TEMPO.CO, Jakarta - Menteri Pemberdayaan Perempuan dan Perlindungan Anak Yohana Yembise mengatakan semua pihak harus menghormati keputusan rapat paripurna Dewan Perwakilan Rakyat yang mengesahkan Peraturan Pemerintah Pengganti Undang-Undang (Perpu) Nomor 1 Tahun 2016 tentang Perlindungan Anak menjadi undang-undang.
Di dalam peraturan itu, termuat pula hukuman tambahan berupa kebiri. “Kalau sudah jadi undang-undang, siapa pun harus tunduk,” ucapnya di Kompleks Parlemen, Senayan, Jakarta, Kamis, 20 Oktober 2016.
Pada 12 Oktober 2016, rapat paripurna sepakat mengesahkan Perpu Kebiri menjadi undang-undang. Namun pengesahan tersebut disertai catatan. Dewan meminta ada revisi agar peraturan tersebut lebih komprehensif, termasuk penentuan siapa yang akan menjadi eksekutor hukuman kebiri.
Baca: Kasus Mirna: Jessica Baca Pembelaan lagi, Singgung Sel Mewah
Perpu tersebut sempat alot dibahas di DPR lantaran ada fraksi yang tidak setuju, seperti Partai Gerakan Indonesia Raya. Namun Yohana membantah bahwa pembahasan peraturan tersebut juga alot di tingkat pemerintah. Ia meminta kementerian yang terlibat, seperti Kementerian Pemberdayaan Perempuan dan Perlindungan Anak, Kementerian Kesehatan, Kementerian Hukum dan Hak Asasi Manusia, serta Kementerian Sosial duduk bersama.

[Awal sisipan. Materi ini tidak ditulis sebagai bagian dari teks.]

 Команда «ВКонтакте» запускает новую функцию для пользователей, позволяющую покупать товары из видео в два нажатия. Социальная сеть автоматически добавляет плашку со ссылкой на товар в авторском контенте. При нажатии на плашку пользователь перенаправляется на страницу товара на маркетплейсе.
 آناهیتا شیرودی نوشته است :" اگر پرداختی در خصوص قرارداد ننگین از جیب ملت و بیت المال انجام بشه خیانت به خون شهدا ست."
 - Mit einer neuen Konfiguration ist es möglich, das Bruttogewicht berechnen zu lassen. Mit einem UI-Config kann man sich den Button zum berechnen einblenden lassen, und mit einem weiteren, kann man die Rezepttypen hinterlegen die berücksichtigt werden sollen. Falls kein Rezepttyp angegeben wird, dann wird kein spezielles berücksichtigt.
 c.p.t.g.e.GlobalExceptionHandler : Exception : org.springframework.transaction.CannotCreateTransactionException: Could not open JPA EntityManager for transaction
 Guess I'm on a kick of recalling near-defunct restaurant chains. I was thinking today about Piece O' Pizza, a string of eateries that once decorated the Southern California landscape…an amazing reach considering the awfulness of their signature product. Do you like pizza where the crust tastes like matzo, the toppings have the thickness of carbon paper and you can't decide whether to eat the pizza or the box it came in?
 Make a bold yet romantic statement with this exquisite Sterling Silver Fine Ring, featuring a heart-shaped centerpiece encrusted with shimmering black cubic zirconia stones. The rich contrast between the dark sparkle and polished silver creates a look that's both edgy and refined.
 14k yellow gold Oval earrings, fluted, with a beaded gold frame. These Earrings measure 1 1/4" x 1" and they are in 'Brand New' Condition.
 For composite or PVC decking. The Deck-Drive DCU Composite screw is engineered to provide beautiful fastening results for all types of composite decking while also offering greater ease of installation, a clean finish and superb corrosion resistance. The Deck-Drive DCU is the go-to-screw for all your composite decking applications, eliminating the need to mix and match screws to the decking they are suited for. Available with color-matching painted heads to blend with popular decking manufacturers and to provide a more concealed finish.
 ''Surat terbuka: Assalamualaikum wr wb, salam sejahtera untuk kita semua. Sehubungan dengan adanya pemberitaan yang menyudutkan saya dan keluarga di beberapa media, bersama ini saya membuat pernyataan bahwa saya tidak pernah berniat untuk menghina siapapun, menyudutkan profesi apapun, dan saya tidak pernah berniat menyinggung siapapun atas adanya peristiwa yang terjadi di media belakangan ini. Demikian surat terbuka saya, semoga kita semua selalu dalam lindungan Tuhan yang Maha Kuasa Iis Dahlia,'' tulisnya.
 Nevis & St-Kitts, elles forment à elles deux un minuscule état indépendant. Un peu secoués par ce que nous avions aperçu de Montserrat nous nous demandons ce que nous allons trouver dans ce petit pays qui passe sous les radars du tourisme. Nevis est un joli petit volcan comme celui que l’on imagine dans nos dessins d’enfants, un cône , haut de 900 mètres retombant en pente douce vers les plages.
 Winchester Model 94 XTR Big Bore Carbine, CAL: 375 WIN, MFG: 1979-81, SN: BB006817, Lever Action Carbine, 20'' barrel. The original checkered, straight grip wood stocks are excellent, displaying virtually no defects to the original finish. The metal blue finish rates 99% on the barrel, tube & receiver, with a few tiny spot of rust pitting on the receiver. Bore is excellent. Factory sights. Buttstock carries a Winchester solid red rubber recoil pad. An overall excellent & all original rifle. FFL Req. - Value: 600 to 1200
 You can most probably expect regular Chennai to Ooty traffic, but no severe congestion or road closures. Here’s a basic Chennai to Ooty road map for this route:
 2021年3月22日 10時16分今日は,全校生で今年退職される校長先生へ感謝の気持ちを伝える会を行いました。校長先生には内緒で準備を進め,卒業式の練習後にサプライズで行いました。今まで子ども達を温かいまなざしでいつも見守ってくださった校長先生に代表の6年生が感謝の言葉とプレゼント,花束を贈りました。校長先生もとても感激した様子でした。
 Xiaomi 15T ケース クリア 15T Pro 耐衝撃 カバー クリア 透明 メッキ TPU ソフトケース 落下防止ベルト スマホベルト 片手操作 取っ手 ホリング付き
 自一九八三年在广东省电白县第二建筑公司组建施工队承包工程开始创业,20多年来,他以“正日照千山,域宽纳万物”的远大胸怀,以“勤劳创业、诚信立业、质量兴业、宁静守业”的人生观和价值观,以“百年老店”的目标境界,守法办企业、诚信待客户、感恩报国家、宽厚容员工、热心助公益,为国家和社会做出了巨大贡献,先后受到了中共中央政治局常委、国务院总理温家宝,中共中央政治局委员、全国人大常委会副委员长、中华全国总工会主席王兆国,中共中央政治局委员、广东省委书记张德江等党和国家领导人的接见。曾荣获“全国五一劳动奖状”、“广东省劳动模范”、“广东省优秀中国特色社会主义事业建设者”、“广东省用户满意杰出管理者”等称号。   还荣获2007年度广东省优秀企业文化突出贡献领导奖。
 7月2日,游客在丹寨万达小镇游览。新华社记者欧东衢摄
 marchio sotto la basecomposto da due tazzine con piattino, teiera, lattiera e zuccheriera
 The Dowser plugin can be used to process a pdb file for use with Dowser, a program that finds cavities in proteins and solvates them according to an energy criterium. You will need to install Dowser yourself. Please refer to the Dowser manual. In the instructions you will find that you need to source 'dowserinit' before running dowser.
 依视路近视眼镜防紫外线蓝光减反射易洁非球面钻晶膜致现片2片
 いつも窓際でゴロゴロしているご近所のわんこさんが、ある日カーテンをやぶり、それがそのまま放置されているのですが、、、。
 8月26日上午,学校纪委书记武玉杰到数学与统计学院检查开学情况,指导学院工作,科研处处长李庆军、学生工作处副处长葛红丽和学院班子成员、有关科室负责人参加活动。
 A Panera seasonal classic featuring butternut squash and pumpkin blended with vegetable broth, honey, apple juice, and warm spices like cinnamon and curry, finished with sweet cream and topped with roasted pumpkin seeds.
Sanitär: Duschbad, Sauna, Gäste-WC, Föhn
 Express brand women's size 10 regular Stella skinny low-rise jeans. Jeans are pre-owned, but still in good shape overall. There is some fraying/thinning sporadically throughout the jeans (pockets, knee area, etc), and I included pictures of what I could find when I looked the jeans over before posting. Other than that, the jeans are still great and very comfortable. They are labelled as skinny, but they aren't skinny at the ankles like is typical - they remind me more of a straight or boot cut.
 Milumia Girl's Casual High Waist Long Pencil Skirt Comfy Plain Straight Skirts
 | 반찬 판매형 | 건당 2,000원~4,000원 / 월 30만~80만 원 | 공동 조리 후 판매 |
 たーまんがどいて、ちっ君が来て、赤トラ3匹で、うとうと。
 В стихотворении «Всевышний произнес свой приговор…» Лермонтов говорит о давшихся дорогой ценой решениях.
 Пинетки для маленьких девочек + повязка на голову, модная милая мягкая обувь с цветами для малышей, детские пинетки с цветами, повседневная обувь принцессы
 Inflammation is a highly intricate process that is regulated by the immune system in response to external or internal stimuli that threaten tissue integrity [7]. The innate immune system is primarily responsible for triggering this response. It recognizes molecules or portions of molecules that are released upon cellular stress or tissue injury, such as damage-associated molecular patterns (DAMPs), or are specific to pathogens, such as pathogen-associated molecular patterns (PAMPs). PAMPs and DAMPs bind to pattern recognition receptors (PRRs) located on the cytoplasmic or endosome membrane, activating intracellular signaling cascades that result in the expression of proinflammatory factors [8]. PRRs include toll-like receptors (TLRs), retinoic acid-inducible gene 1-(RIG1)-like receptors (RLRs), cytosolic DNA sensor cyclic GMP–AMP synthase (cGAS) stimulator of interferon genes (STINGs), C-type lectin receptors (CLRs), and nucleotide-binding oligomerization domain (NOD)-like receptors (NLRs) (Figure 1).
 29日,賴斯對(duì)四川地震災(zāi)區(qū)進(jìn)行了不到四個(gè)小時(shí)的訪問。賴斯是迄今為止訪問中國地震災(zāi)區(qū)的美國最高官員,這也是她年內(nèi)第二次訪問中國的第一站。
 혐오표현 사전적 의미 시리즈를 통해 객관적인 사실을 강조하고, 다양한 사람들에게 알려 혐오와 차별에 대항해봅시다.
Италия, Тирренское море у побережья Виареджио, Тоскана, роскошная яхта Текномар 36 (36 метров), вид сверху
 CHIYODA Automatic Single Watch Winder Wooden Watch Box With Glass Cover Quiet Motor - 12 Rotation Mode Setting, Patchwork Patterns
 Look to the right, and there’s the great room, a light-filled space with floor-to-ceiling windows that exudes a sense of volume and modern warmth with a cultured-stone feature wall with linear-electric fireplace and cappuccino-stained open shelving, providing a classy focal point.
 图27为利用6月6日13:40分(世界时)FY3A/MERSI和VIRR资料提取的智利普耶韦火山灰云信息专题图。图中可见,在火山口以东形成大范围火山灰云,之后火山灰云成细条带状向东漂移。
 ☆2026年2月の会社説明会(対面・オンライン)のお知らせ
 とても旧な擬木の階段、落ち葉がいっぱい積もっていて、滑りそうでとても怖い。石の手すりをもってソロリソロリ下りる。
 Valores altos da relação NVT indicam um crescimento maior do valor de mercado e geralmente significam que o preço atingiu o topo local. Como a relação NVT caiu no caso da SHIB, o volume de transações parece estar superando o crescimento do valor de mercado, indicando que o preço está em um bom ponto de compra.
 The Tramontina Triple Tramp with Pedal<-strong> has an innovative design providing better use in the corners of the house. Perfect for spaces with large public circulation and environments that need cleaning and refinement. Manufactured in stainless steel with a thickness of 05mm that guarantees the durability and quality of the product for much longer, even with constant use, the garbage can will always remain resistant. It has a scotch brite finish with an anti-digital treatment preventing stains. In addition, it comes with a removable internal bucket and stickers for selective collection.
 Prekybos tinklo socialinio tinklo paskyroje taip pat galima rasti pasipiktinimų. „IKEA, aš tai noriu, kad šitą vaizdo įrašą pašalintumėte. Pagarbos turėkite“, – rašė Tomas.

Yohana justru menuturkan pembahasan perpu tersebut lancar. “Saya pikir tidak alot, karena ini mekanisme yang harus dijalani.” Yohana menilai kunci keberhasilan peraturan kebiri itu ada pada kesamaan persepsi dan pendapat dari berbagai pihak.
Satu hal penting yang belum tuntas adalah siapa yang nanti bertanggung jawab untuk mengeksekusi hukuman kebiri. Ikatan Dokter Indonesia menyatakan menolak menjadi eksekutor lantaran terbentur kode etik profesi. Namun pemerintah tetap akan menentukan eksekutor atas hukuman tersebut. “Eksekutor sedang diatur,” kata Yohana.